DigiKam is a professional photo management application that includes advanced face recognition capabilities. This tool extracts and consolidates face tagging data from DigiKam's SQLite databases, making it easy to:
- Build ML Training Datasets: Export tagged photos for training custom facial recognition models
- Organize Photo Collections: Quickly locate all photos of specific individuals
- Analyze Face Tagging: Understand your photo collection's face recognition coverage
- Integrate with Pipelines: Generate file lists for batch processing in ML workflows
- Database Statistics: View comprehensive metrics about identities, tags, and images
- Person Discovery: List all recognized people in your photo collection
- Smart Search: Find people by name with fuzzy/partial matching
- Image Retrieval: Locate all photos containing specific individuals with full metadata
- Export Functionality: Generate text files of image paths for downstream processing
- Safe Read-Only Access: Opens databases in read-only mode to prevent accidental modifications
- Multi-Database Support: Consolidates data from multiple DigiKam databases:
recognition.db- Face recognition data and person identitiesdigikam4.db- Main image database with tags and metadatathumbnails-digikam.db- Thumbnail storage
- .NET 6.0 SDK or later
- DigiKam photo management software (to generate the databases)

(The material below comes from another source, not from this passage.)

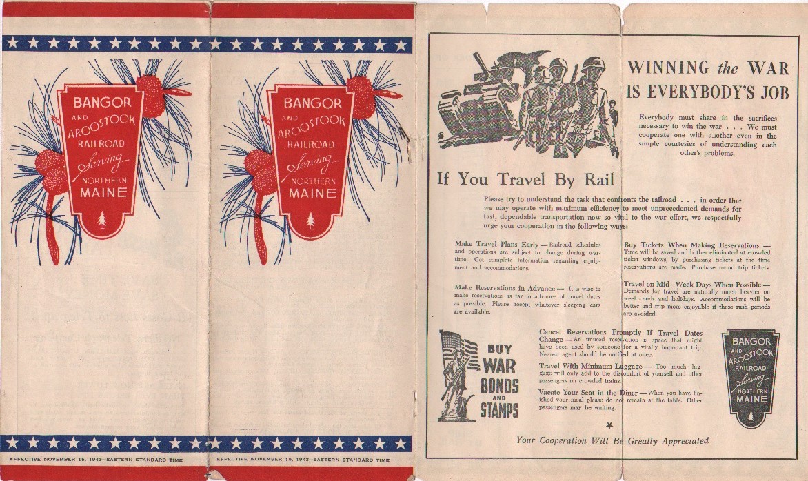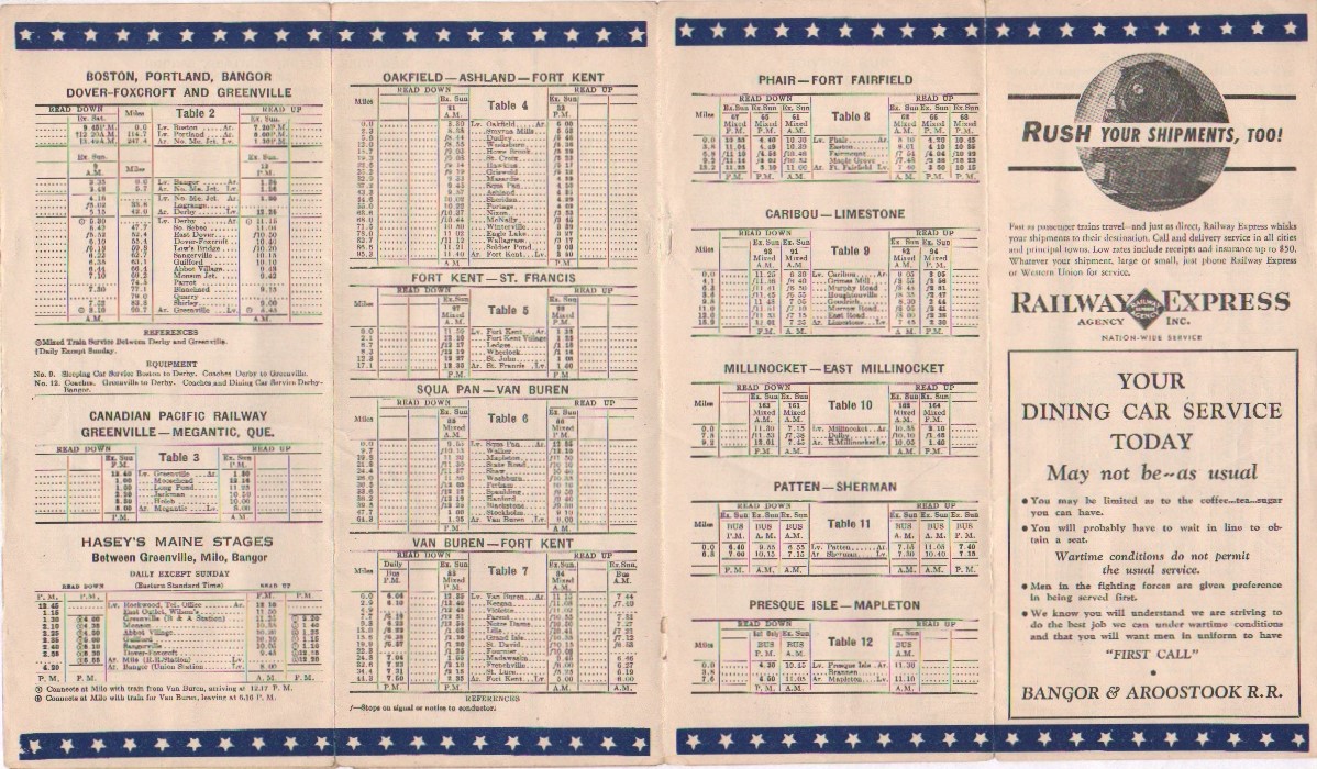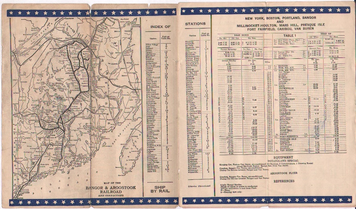 For the first time in this collection - the name Potatoland Special appears in print. The Bangor and Aroostook only had two 'name trains' for its entire history. A name train is very much a 'flagship' train - the best of the best. The Aroostook Flyer had been a name train for some time - but never carried sleeper cars. The Potatoland Special? Sleeper cars. Good thing too - it departs Bangor in the wee hours of the morning. In reality, the Potatoland is following the schedule of Trains #1 and #8, which has not changed much. Only the naming of the train, which passes it into legend has changed.

- DigiKam database files in accessible location
- Windows, Linux, or macOS
- Clone or download this repository
- Navigate to the project directory:
cd facerecog_Db_reader - Build the project:
dotnet build
The application looks for DigiKam databases in the following default location:
- Windows:
%USERPROFILE%\Pictures\DH - Linux/macOS:
$HOME/Pictures/DH
If your DigiKam databases are in a different location, update the path in Program.cs:8.
DigiKam stores data across multiple SQLite databases:
- Identities: Person IDs and types
- IdentityAttributes: Person names and attributes (join on
idwhereattribute='name') - FaceMatrices: Face embeddings/encodings linked to identities
- Images: Image file information and metadata
- Albums: Album/folder hierarchical structure
- AlbumRoots: Base paths for album collections
- Tags: All tags including person names created by face recognition
- ImageTags: Many-to-many relationship linking images to tags
- ImageInformation: Extended metadata (creation dates, ratings, etc.)
-
Build the project:
cd facerecog_Db_reader dotnet build -
Run the application:
dotnet run
-
Menu options:
- 1. List all people: Display all unique person names from the database
- 2. Search for a person: Search for people by name pattern
- 3. Find images by person name: Get all images containing a specific person
- 4. Exit: Close the application
- Start the application - it will show database statistics
- Choose option 2 to search for a person (e.g., enter "John")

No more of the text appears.